A review of Obama’s inaugural address

27 January, 2009

An interesting examination of Barak Obama’s inaugural speech, by Jonathan Raban.

Just a couple of things to mention: Roosevelt’s Depression-era first inauguration speech contained a condemnation of bankers and financiers, with a strong allusion to Jesus driving the corrupt money changers out of the temple. Raban says this was an unconscionable antisemitism, which FDR must have overlooked or else agreed with. It is a shame that he should make this association, which is not forthcoming from the biblical story, in which the money changers were indeed Jewish, but so was everyone else in the temple, including Jesus himself.

Raban looks askance at the use of “forbearers” in the sentence “we, the people, have remained faithful to the ideals of our forbearers”. However, while it is true that “forbear”, when it doesn’t mean ancestor, generally means endure, withstand or put up with, it should also be usuable in its most literal sense, “to carry before”. While it is most likely that “forbearers” is simply an error, it also has a perfectly acceptable alternative meaning as a reference to those who previously maintained the ideals of the United States.
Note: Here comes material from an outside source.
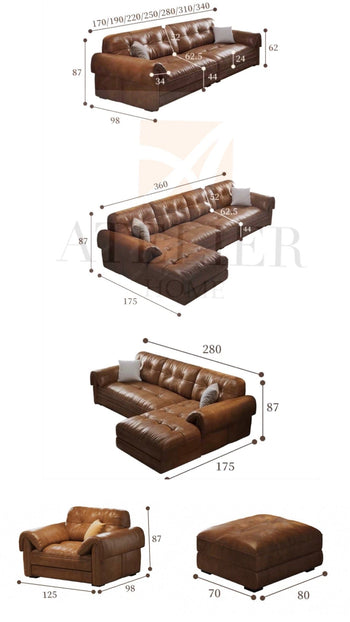 Discover the opulent relaxation and classic sophistication of the Melvin Leather Sectional Sofa. Adorned with genuine cowhide leather from Italy, this sofa is both supple and strong, guaranteeing long-lasting dependability. The tufted padding enhances its refined appearance, making it an ideal choice for any family room.

The sentence “Starting today, we must pick ourselves up, dust ourselves off and begin again the work of remaking America” contains a musical reference I haven’t seen noted elsewhere: the song Pick Yourself Up, by Jerome Kern and Dorothy Fields, as first heard in the Fred Astaire film Swing Time (1936). Was this a conscious reference to the spirit of the Depression, a sly pointer to a love of Broadway tunes or Astaire films, or mere coincidence?

Obama gives an historical quote from “the father of our nation”, who listeners naturally assumed to be George Washington, but who was actually Thomas Paine. But would anyone refer to Paine as “the father of our nation”? Rather than a subtle piece of historical knowledge, this attribution may actually be a simple mistake.

Finally, Raban says the most unusual thing about this speech is that, for all its deference to archaic forms and niceties, it strongly condemns the inauguree’s predecessor. I think history will say that the real innovation is that the speech was addressed not just to America, but to the citizens of the world. In a way, this globalised address out-Bushes Bush, and his pretentions to be the teacher of the world. At the same time, it matches Obama’s revolutionary use of new communication methods to build popular support. I think this may be the first time the inaugural ceremony has been broadcast live around the world (following a similar precedent for the presidential, and, indeed, vice presidential debates). It may not be the last, and if it is not, Obama’s reign may see the dawn of what the neoconservatives have been calling for, “the new American century”. (Which will, of course, be nothing at all like “the thousand year Reich”!)